Soliciting public DNA databases should only yield ‘probabilities’ for matches, not the certain answer of a committed crime. Mark Minick found this out in 2008; Google his name and how his DNA found its way into a DailyMail-UK article (although there are 15 other hits for Mark Minick in the U.S. so you never know!). Although I’m sure his DNA was drawn from a ‘localized’ pool (criminal one) he was still was found complicit to an event he did not take part of and paid the consequences nonetheless. And you feel it is a good idea to search ‘remote’ pools (such as ancestor/sibling profiles) and up the probabilities to incriminate a given profile to a match? That sounds like taking at face value your first course plot when navigating via dead-reckoning, you will only increase the degree of error to get to your final destination. Read commenter No. 5’s post.
If you want to bring to the table the positives or negatives of using public DNA as a ‘search’ tool, then you must objectively examine its true value to answering the given question, not whether it can answer it. Statistics can also yield answers, any of a thousand you wish… So when genealogists/paid-professionals such as Commenter No. 1 and No. 4 stop putting such smug feelings behind DNA being so wonderful at literally putting criminals and their brothers in jail so they can do cameo interviews in TruTV shows, then laypersons like us will not be so reticent to give out samples for things we want to consent to, like genealogy or genetic ailment tests or others- lest we also wind up like Mark Minick by proxy of increased probabilities within this method.
@6 – not so.
[a] HLA types are the names given to different haplotypes of the various genes in the HLA region. These are not easily determined by SNP typing, because the genes are too polymorphic – see e.g. http://www.ebi.ac.uk/imgt/hla/
[b] there are however several attempts ongoing to impute HLA types from SNPs on common GWAS chips – see e.g. https://oxfordhla.well.ox.ac.uk/hla/
[c] but, like the case at hand, these only really allow statistical conclusions, not ones that can be applied with confidence to a specific individual.
Yes, I have to agree with the fact that genealogists are the most frequent abusers of other peoples’ records including dna results.

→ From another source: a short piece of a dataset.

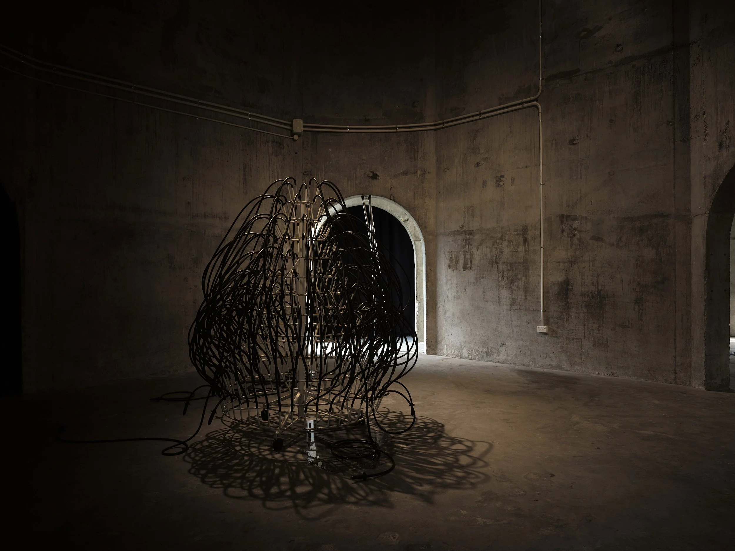Cool Whip, found objects, rubber tube, stainless steel, 2018/2022

I have done the same with my Maltese ancestors by using the results of baptism, marriages, funerals from the Adami Collection. I have often thought how these ancestors would have felt with some person (me) poking around their records just because of some minor ancestor shared with them. I also think solving serious crime is more important than any individuals concern about privacy. The unlawful killing of another person is a serious crime.

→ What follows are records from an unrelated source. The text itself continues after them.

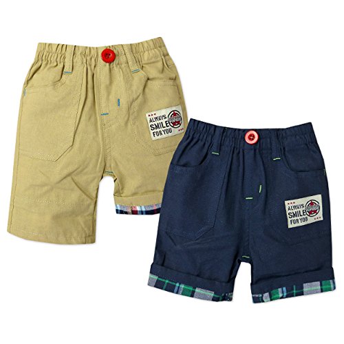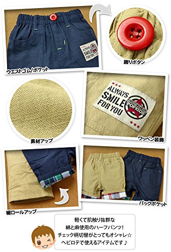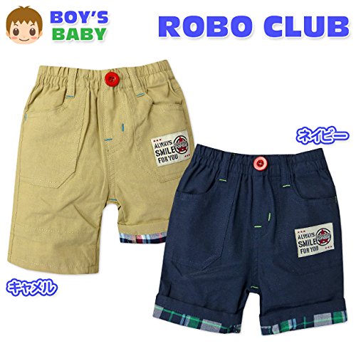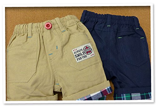 ベビー服 男の子 ハーフ パンツ ボトム チェック柄 ワッペン装飾 裾ロールアップ 飾りボタン 男児 ベビー (2.ネイビー/80cm)
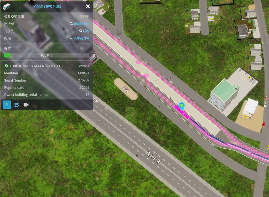 こんな感じで、相変わらず、羽田空港はデフォルトのバニラで用意されている国際空港を使い、電車はまだ京急の車両など無いのでやはりバニラのピンクっぽい車両にしただけ。
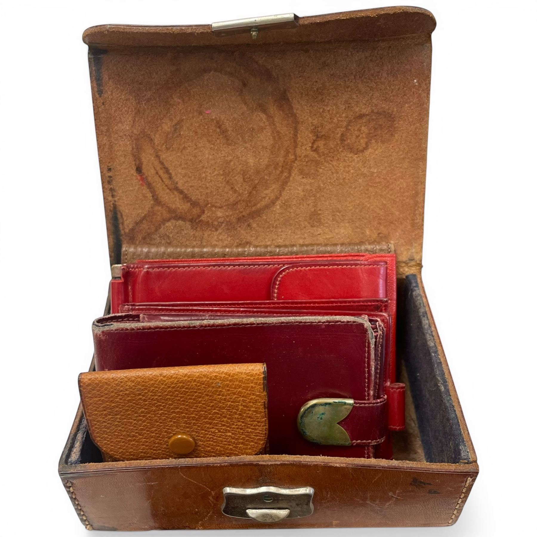 Lot 95 Collection of Vintage Leather & Cloth Purses & Wallets, Vintage Pens, Small Pink Bubble Glass Dish &

Recently I had my STR results, kit number and surname written about on dna forums. It was some bull about the mythology of some ethnic group’s creation stories, nothing based on science, the dna itself or my specific results. I was momentarily incensed. I left my surname group at FTDNA upsetting the Administrator as I am the closest match to her paternal line. I deleted my Ysearch account. I have reversed these things but I intend to leave FTDNA permanently, have them totally delete my account by the end of 2012. Using surname projects and STR results for silly racist ideas is definitely beyond the pale. I will eventually delete my 23andMe account this year or the next. I think dna testing has had its day in the sun.